**WHAT IS REQUIRED:** Only the lines below from the one containing "补水保湿,修护肌肤,令肌肤富于弹性、晶莹细嫩" through the one containing "入店初日から緊張せずにオモチ" belong in the answer, repeated exactly and without pictures.

**EXTRACTED MATERIAL:**

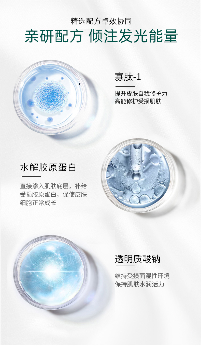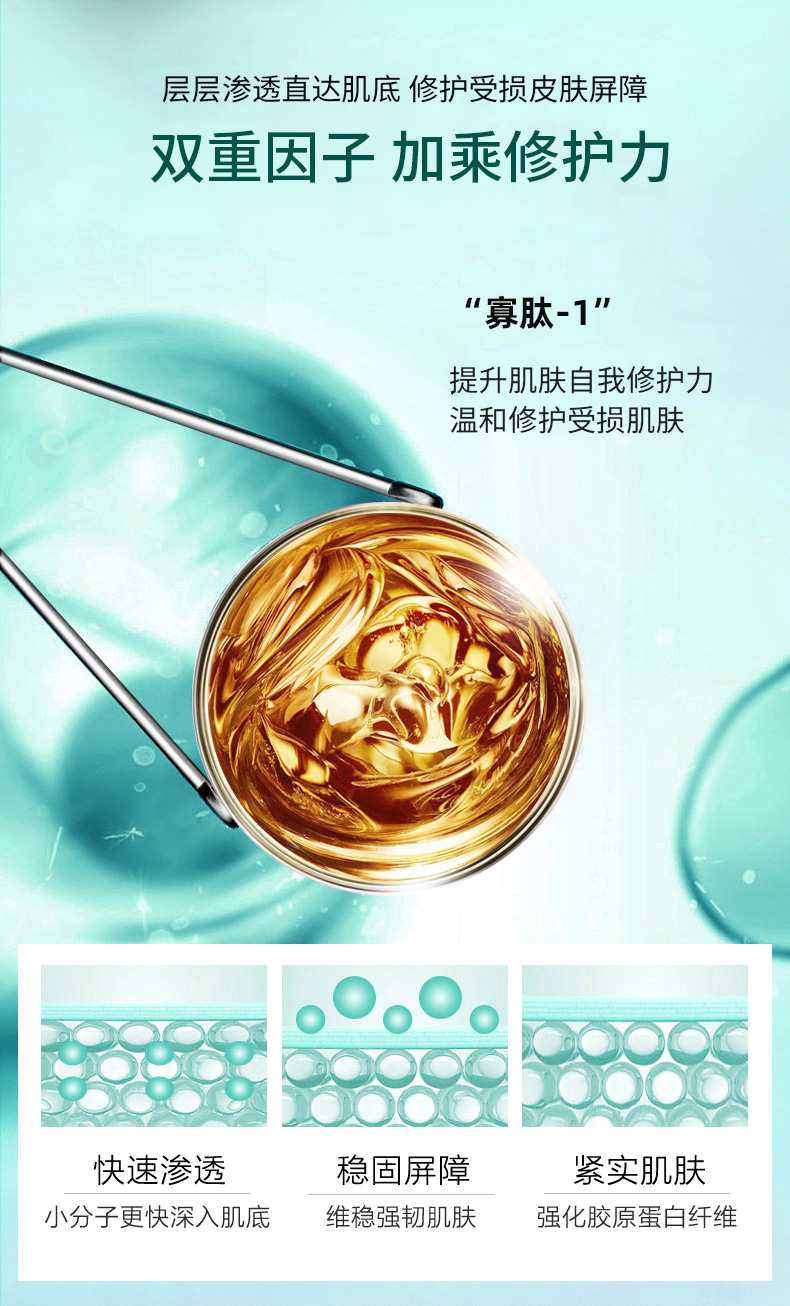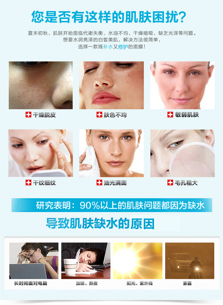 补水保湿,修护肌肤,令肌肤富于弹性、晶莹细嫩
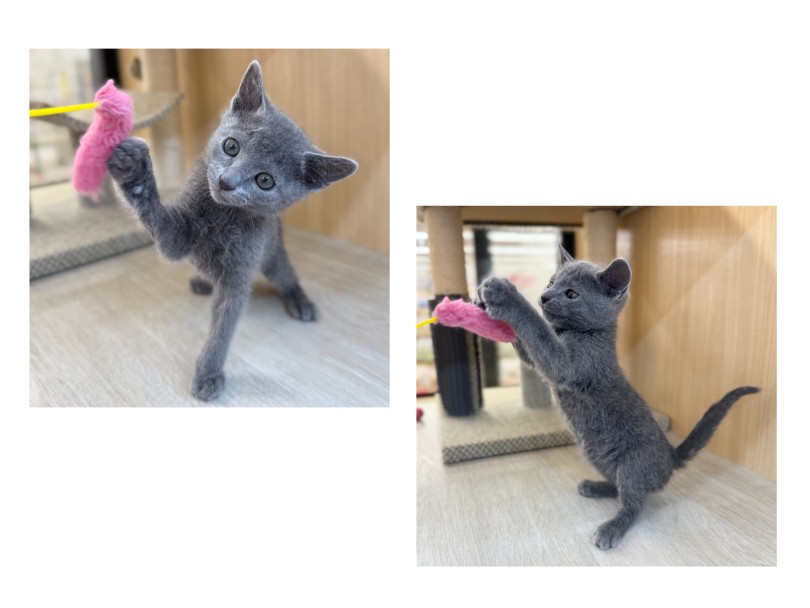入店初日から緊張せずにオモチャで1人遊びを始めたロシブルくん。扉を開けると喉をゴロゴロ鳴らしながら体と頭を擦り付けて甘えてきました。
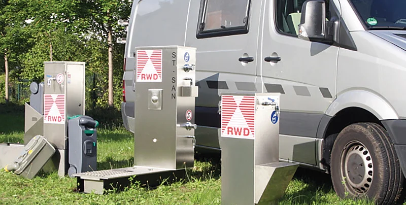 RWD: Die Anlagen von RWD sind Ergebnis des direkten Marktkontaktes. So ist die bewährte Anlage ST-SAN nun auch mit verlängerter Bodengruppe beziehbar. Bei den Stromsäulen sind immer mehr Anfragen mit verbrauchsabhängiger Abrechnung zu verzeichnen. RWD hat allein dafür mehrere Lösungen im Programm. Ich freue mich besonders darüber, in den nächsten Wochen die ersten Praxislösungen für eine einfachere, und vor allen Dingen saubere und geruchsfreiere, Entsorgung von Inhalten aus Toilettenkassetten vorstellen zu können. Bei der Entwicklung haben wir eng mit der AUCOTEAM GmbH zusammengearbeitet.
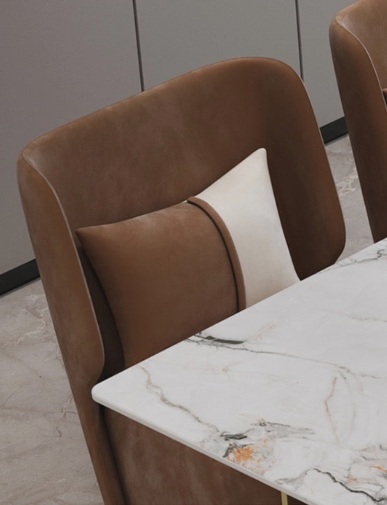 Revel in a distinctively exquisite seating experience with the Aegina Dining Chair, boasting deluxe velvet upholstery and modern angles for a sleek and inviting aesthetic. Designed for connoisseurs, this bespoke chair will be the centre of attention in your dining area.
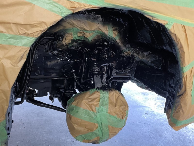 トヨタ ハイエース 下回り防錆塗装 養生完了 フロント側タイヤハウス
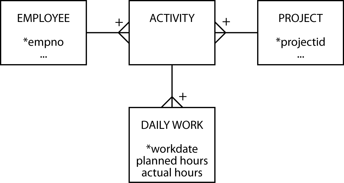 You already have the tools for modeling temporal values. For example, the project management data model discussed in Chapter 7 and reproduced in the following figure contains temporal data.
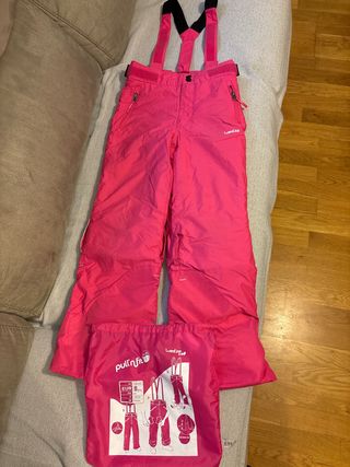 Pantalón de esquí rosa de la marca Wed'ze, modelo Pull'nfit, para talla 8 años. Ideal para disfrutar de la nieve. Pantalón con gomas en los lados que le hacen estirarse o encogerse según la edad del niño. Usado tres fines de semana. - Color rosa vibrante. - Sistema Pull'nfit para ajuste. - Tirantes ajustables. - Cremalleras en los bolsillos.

...

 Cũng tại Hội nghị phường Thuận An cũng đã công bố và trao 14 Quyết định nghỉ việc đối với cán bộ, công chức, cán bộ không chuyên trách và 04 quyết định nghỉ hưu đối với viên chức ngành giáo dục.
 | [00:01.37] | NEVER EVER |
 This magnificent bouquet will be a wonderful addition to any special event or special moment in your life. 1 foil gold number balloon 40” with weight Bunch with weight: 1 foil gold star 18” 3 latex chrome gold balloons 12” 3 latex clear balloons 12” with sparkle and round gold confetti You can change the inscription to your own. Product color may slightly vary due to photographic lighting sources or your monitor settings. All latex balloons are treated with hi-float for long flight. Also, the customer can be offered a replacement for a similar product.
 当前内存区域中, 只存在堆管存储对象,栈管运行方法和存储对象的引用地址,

**RESULT OF THIS TASK:**
 补水保湿,修护肌肤,令肌肤富于弹性、晶莹细嫩
入店初日から緊張せずにオモチャで1人遊びを始めたロシブルくん。扉を開けると喉をゴロゴロ鳴らしながら体と頭を擦り付けて甘えてきました。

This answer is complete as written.